++++ PROVIDED DATA

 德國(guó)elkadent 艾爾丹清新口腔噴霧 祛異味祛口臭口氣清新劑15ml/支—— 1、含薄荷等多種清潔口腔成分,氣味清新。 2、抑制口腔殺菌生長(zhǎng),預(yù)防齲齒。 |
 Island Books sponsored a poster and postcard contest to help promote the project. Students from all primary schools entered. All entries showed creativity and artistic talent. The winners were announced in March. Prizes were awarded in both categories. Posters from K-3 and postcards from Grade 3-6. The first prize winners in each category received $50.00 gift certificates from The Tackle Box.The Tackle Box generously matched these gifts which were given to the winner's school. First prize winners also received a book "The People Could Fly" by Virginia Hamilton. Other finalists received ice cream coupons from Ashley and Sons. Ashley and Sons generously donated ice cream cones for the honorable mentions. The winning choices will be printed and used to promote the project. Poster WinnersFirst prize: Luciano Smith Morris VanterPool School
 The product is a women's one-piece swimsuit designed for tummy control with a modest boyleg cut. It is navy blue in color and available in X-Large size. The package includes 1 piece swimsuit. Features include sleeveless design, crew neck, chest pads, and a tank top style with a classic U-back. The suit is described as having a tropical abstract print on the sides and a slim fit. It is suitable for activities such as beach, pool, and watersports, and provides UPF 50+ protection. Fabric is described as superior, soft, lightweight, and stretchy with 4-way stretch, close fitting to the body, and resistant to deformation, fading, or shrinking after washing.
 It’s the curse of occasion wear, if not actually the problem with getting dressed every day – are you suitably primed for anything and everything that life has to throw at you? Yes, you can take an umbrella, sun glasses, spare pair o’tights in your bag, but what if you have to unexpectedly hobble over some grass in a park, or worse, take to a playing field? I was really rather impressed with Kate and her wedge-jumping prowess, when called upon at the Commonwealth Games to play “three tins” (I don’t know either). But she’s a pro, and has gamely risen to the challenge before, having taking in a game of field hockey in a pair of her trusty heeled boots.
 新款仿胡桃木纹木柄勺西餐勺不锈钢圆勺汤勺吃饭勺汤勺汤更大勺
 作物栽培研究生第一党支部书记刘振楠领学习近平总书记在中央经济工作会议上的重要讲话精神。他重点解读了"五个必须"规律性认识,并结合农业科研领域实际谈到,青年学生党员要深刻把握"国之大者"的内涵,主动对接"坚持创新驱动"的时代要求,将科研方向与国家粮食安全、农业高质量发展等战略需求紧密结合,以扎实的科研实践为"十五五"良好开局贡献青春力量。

++++++++

PROBLEM TO WORK ON. Render the whole set of entries again, exactly as given.

WRITTEN SOLUTION.
 德國(guó)elkadent 艾爾丹清新口腔噴霧 祛異味祛口臭口氣清新劑15ml/支—— 1、含薄荷等多種清潔口腔成分,氣味清新。 2、抑制口腔殺菌生長(zhǎng),預(yù)防齲齒。 |
 Island Books sponsored a poster and postcard contest to help promote the project. Students from all primary schools entered. All entries showed creativity and artistic talent. The winners were announced in March. Prizes were awarded in both categories. Posters from K-3 and postcards from Grade 3-6. The first prize winners in each category received $50.00 gift certificates from The Tackle Box.The Tackle Box generously matched these gifts which were given to the winner's school. First prize winners also received a book "The People Could Fly" by Virginia Hamilton. Other finalists received ice cream coupons from Ashley and Sons. Ashley and Sons generously donated ice cream cones for the honorable mentions. The winning choices will be printed and used to promote the project. Poster WinnersFirst prize: Luciano Smith Morris VanterPool School
 The product is a women's one-piece swimsuit designed for tummy control with a modest boyleg cut. It is navy blue in color and available in X-Large size. The package includes 1 piece swimsuit. Features include sleeveless design, crew neck, chest pads, and a tank top style with a classic U-back. The suit is described as having a tropical abstract print on the sides and a slim fit. It is suitable for activities such as beach, pool, and watersports, and provides UPF 50+ protection. Fabric is described as superior, soft, lightweight, and stretchy with 4-way stretch, close fitting to the body, and resistant to deformation, fading, or shrinking after washing.
 It’s the curse of occasion wear, if not actually the problem with getting dressed every day – are you suitably primed for anything and everything that life has to throw at you? Yes, you can take an umbrella, sun glasses, spare pair o’tights in your bag, but what if you have to unexpectedly hobble over some grass in a park, or worse, take to a playing field? I was really rather impressed with Kate and her wedge-jumping prowess, when called upon at the Commonwealth Games to play “three tins” (I don’t know either). But she’s a pro, and has gamely risen to the challenge before, having taking in a game of field hockey in a pair of her trusty heeled boots.
 新款仿胡桃木纹木柄勺西餐勺不锈钢圆勺汤勺吃饭勺汤勺汤更大勺
 作物栽培研究生第一党支部书记刘振楠领学习近平总书记在中央经济工作会议上的重要讲话精神。他重点解读了"五个必须"规律性认识,并结合农业科研领域实际谈到,青年学生党员要深刻把握"国之大者"的内涵,主动对接"坚持创新驱动"的时代要求,将科研方向与国家粮食安全、农业高质量发展等战略需求紧密结合,以扎实的科研实践为"十五五"良好开局贡献青春力量。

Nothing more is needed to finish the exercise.